For your use case, with the ticket vs events, there are a few decent solutions to solve this using the current functionality in Appfarm.

OPTION 1:

  1. Use “Strict object versioning” on Event (or create another object class just for holding the number of tickets for an Event).
  2. Event has a “number of tickets sold”, and “number of seats”. As long as number of tickets sold < number of seats, the event is marked as “available” in the list.
  3. User opens an event, creates a Ticket in draft status, and clicks “confirm booking”.
  • Read the event into a runtime data source (as mentioned here)
  • Update the Event, set number of tickets sold = number of tickets sold + 1.
  • Persist Event.
    → If persist fails, the strict object versioning applies. You do not have the latest version of the Event. You may re-read the event to see if there are still available tickets (this retry logic can be made simple or complex, depending on the use case)
    → If persist succeeds, then the Event info you have has the correct version, and nobody has updated the number of tickets sold… Now, update that Ticket object to “booked”, and inform the user.
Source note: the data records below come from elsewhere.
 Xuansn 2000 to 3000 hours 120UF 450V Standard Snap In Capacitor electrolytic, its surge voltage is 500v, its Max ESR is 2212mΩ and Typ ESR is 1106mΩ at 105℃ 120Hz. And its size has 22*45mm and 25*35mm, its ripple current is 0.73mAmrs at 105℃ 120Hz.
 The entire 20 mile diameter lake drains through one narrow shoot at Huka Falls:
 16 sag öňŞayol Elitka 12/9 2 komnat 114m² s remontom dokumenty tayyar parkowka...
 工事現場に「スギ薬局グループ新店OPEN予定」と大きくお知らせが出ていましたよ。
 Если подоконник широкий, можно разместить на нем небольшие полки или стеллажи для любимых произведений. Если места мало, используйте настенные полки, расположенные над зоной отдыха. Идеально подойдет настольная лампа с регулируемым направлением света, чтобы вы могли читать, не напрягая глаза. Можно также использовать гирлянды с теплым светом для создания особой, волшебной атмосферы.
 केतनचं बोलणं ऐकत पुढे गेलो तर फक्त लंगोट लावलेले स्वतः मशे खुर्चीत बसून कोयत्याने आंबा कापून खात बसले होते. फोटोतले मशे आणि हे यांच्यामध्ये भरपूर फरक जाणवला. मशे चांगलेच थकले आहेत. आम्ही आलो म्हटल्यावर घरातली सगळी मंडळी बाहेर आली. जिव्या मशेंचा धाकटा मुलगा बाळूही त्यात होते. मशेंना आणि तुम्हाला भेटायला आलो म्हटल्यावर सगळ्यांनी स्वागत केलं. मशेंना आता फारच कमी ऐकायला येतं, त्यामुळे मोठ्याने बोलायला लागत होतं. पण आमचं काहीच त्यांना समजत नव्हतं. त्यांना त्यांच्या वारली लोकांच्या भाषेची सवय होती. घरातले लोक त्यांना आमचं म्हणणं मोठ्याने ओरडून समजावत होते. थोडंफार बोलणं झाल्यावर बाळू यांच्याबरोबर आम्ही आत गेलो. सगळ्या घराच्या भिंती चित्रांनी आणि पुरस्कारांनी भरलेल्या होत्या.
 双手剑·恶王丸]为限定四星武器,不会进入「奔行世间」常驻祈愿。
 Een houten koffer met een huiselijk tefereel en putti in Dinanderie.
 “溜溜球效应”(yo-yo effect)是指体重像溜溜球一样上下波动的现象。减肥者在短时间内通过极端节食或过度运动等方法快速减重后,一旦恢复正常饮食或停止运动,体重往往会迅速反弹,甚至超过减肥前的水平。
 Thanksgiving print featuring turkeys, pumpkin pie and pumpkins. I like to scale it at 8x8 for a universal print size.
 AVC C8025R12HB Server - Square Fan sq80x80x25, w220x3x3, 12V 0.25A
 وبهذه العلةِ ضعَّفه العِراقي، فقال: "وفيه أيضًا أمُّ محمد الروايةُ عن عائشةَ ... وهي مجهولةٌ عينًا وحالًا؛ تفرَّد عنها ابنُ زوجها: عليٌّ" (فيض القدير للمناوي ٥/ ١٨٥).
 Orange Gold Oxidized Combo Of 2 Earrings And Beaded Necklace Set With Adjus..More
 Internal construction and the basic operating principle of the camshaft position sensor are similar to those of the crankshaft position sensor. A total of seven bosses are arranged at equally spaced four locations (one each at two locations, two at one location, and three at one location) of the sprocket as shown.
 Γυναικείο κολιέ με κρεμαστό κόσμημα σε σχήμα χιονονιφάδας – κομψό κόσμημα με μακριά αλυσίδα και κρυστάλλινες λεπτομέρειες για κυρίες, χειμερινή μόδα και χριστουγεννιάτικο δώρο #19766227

OPTION 2 (without using Strict Object Versioning):

  1. Create a new object class “Event slots” (or Ticket slots etc) having a reference to Event. If the Event has 10 seats, create 10 Event slots when the event is created (in other words, let the number of Event slots equal the number of available tickets).
  2. When the booking is confirmed: Read the Event slots for the event, sort randomly (Sort Object → Random Sort), select the first object, and do a delete objects of that record towards the database.
  3. Catch exception: If delete fails, then someone deleted that record just ahead of you. You may repeat step 2, or warn the user.
  4. If the delete objects is successful, there is now 1 less Event slot, and you may create or update the ticket (“confirmed”). And inform the user of success.

There might be other options to solve this as well.